Artık gelée'ün Fransızca içindeki anlamı hakkında daha fazla bilgi sahibi olduğunuza göre, seçilen örnekler aracılığıyla bunların nasıl kullanılacağını ve nasıl yapılacağını öğrenebilirsiniz. onları okuyun. Ve önerdiğimiz ilgili kelimeleri öğrenmeyi unutmayın. Web sitemiz sürekli olarak yeni kelimeler ve yeni örneklerle güncellenmektedir, böylece bilmediğiniz diğer kelimelerin anlamlarını Fransızca içinde arayabilirsiniz.

Fransızca hakkında bilginiz var mı

Fransızca (le français) bir Roman dilidir. İtalyanca, Portekizce ve İspanyolca gibi, bir zamanlar Roma İmparatorluğu'nda kullanılan popüler Latince'den gelir.
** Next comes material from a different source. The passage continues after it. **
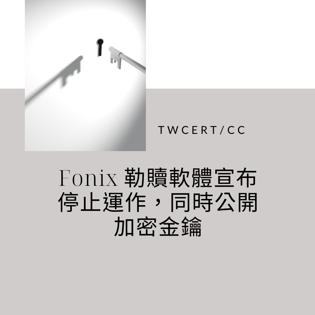 一個稱為 Fonix 的勒贖軟體,其幕後的駭侵團體,於近日在 Twitter 上發文,宣稱已經停止運作,同時將在日後公開提供其用來進行加密勒贖攻擊的金鑰。

Fransızca konuşan bir kişi veya ülke "Francophone" olarak adlandırılabilir. Fransızca 29 ülkede resmi dildir. Fransızca, Avrupa Birliği'nde en çok konuşulan dördüncü ana dildir. Fransızca, İngilizce ve Almanca'dan sonra AB'de üçüncü sırada yer alır ve İngilizce'den sonra en yaygın olarak öğretilen ikinci dildir. Dünyanın Fransızca konuşan nüfusunun çoğunluğu, birinci veya ikinci dil olarak Fransızca konuşabilen 34 ülke ve bölgeden yaklaşık 141 milyon Afrikalı ile Afrika'da yaşıyor. Fransızca, Kanada'da İngilizce'den sonra en çok konuşulan ikinci dildir ve her ikisi de federal düzeyde resmi dildir. 9,5 milyon kişinin veya %29'unun birinci dili ve 2,07 milyon kişinin veya tüm Kanada nüfusunun %6'sının ikinci dilidir. Diğer kıtaların aksine, Fransızcanın Asya'da popülaritesi yoktur. Şu anda, Asya'daki hiçbir ülke Fransızca'yı resmi dil olarak tanımıyor.